Up to and including the line that contains "Dawn over Castell", write out every line of the entries exactly, beginning with the first. Omit the pictures.

Provided information: Begin

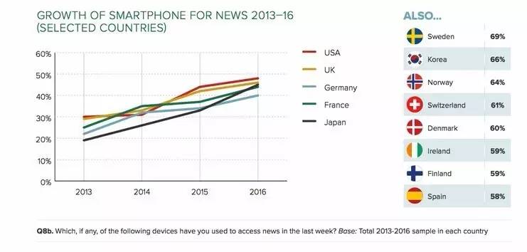 过去几年,智能手机的普及率急速上升,根据路透社调研数据,53%的被调研者都表示,会通过智能手机端获取信息,这一比例在瑞典为69%、韩国为66%,瑞士为61%,比例相对最高。
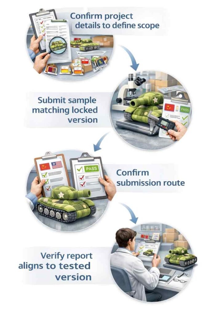 Third-party testing stays predictable when coordination follows a simple order: confirm the project details that define scope, make sure the submitted sample matches the locked version, choose the right submission route, and verify the report matches the tested version. Most delays happen when version alignment is unclear.
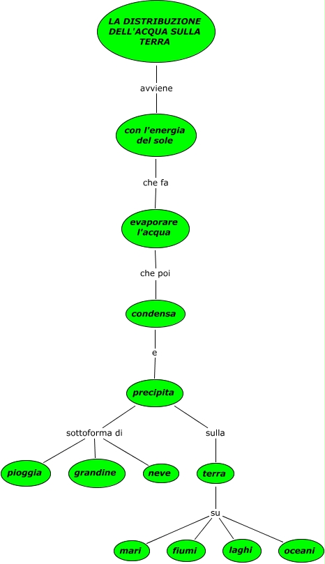 Questa Cmap, creata con IHMC CmapTools, contiene informazioni relative a: LA DISTRIBUZIONE DELL' ACQUA, LA DISTRIBUZIONE DELL'ACQUA SULLA TERRA avviene con l'energia del sole, condensa e precipita, evaporare l'acqua che poi condensa, terra su mari, con l'energia del sole che fa evaporare l'acqua, precipita sottoforma di pioggia, terra su oceani, terra su fiumi, precipita sulla terra, terra su laghi, precipita sottoforma di neve, precipita sottoforma di grandine
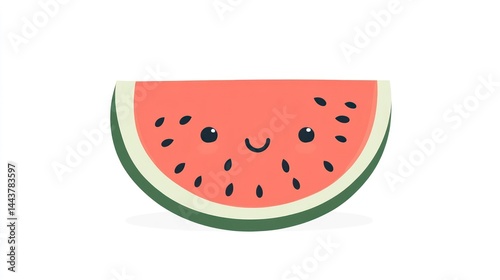 A cheerful slice of watermelon with a cute face perfect for summer designs and food illustrati
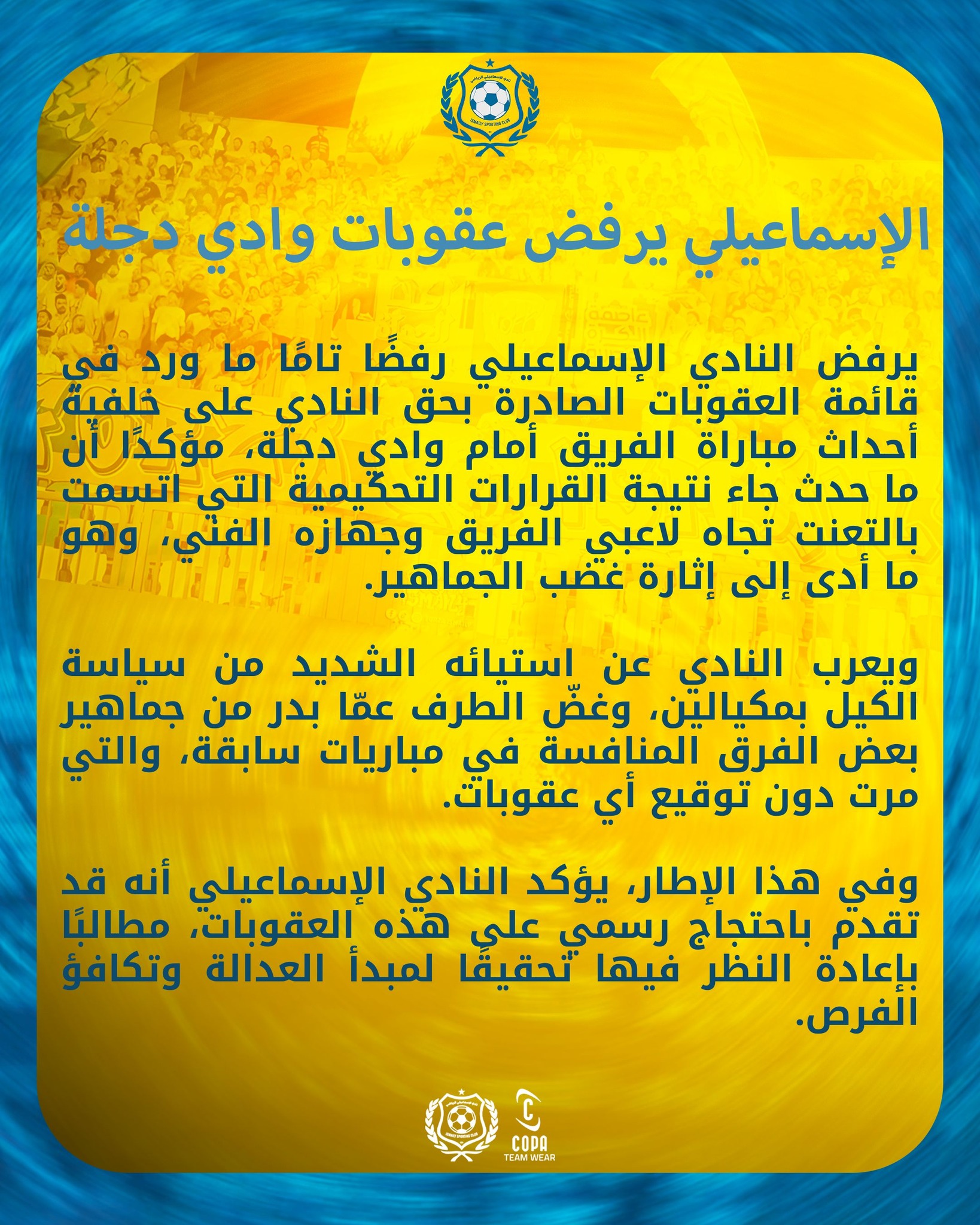 أصدر نادي الاسماعيلي بيان رسمي رفض فيه عقوبات رابطة الأندية التي صدرت اليوم بسبب مباراة الفريق الأخيرة أمام وادي دجلة في الدوري.
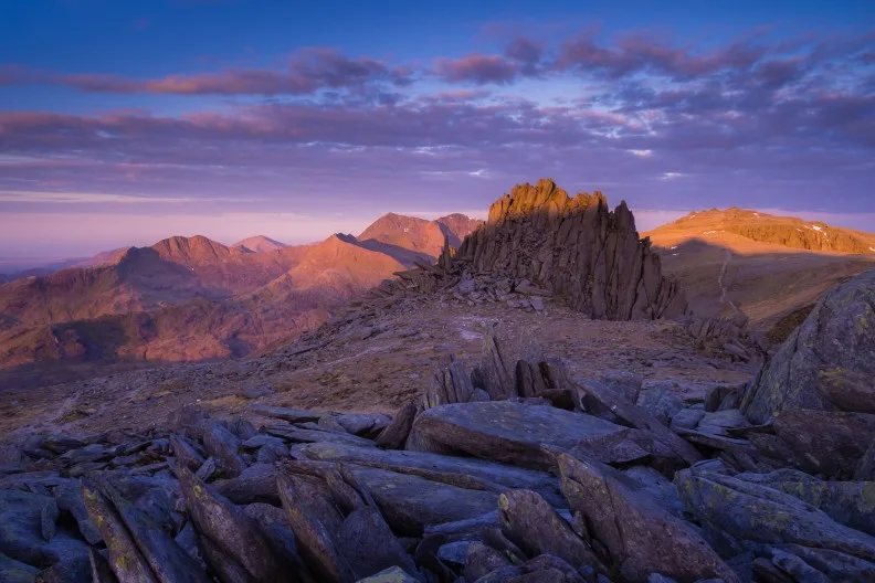 Dawn over Castell y Gwynt on top of Glyder Fach, Snowdonia National Park, North Wales
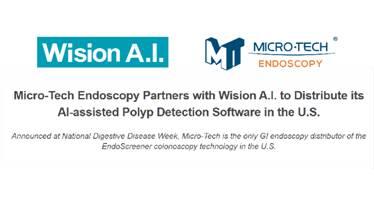 2022年5月24日,圣迭戈,美国消化疾病周DDW 2022期间,医用光学影像AI软件厂商-微识医疗Wision A.I.宣布与Micro-Tech Endoscopy USA(MTU)建立了业务伙伴关系。MTU是中国内镜微创诊疗器械龙头南微医学的美国子公司,作为微识医疗在海外市场的首个渠道商,负责公司的消化内镜领域人工智能产品在美国的商业化落地。
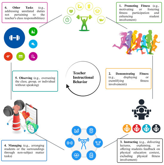- Instructing: This encompasses traditional teaching methods such as lecturing, describing, and providing feedback on PE content, excluding fitness engagement.
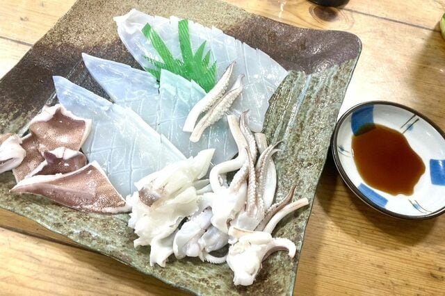 そして、呼子といえばイカの刺身を食べないわけにはいきません! 1月から3月が旬といわれるヤリイカ。ヤリイカは初めて食べますが、今までこんなに透明なイカを見たことがあっただろうか。
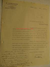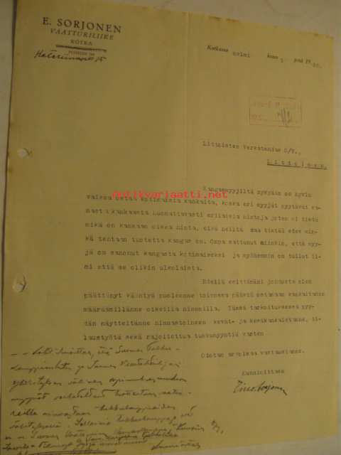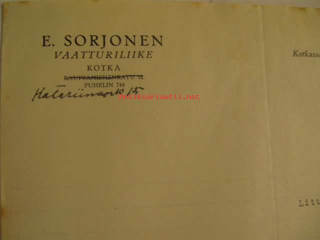 E. Vaatturiliike Sorjonen Kotka 1.2.1933 -asiakirja
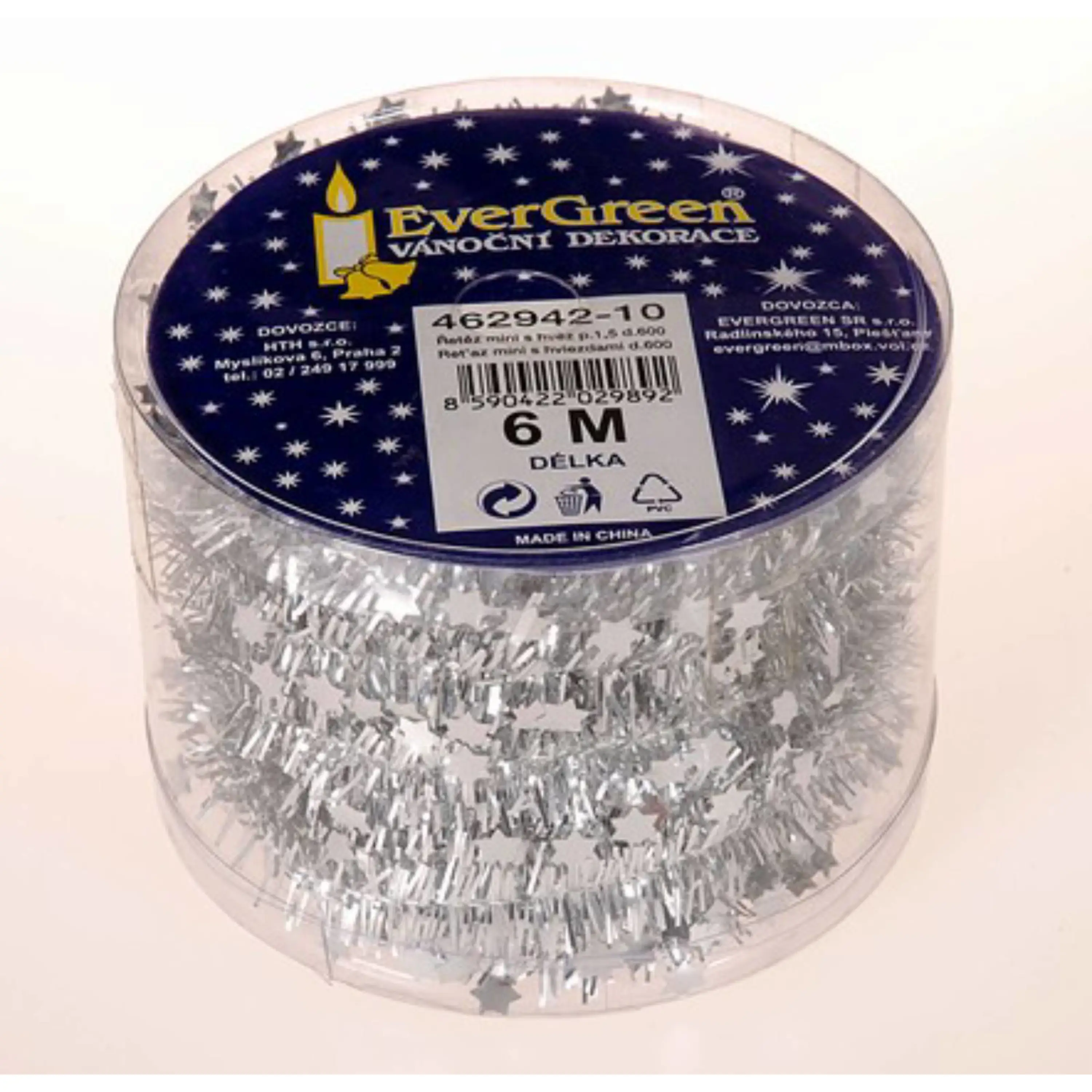 Mini řetěz s hvězdičkami ve stříbrné barvě, který krásně dozdobí váš vánoční stromeček.
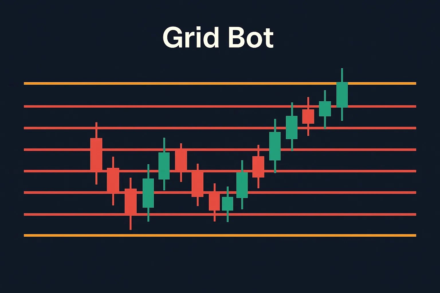 A Grid bot uses a strategy of a grid of limit orders. It places multiple buy and sell orders within a chosen price range. When the price falls, the bot buys; when it rises, it sells. The bot earns on every up-down movement even if there is no trend.

Provided information: End

| Answer section |
 过去几年,智能手机的普及率急速上升,根据路透社调研数据,53%的被调研者都表示,会通过智能手机端获取信息,这一比例在瑞典为69%、韩国为66%,瑞士为61%,比例相对最高。
 Third-party testing stays predictable when coordination follows a simple order: confirm the project details that define scope, make sure the submitted sample matches the locked version, choose the right submission route, and verify the report matches the tested version. Most delays happen when version alignment is unclear.
 Questa Cmap, creata con IHMC CmapTools, contiene informazioni relative a: LA DISTRIBUZIONE DELL' ACQUA, LA DISTRIBUZIONE DELL'ACQUA SULLA TERRA avviene con l'energia del sole, condensa e precipita, evaporare l'acqua che poi condensa, terra su mari, con l'energia del sole che fa evaporare l'acqua, precipita sottoforma di pioggia, terra su oceani, terra su fiumi, precipita sulla terra, terra su laghi, precipita sottoforma di neve, precipita sottoforma di grandine
 A cheerful slice of watermelon with a cute face perfect for summer designs and food illustrati
 أصدر نادي الاسماعيلي بيان رسمي رفض فيه عقوبات رابطة الأندية التي صدرت اليوم بسبب مباراة الفريق الأخيرة أمام وادي دجلة في الدوري.
 Dawn over Castell y Gwynt on top of Glyder Fach, Snowdonia National Park, North Wales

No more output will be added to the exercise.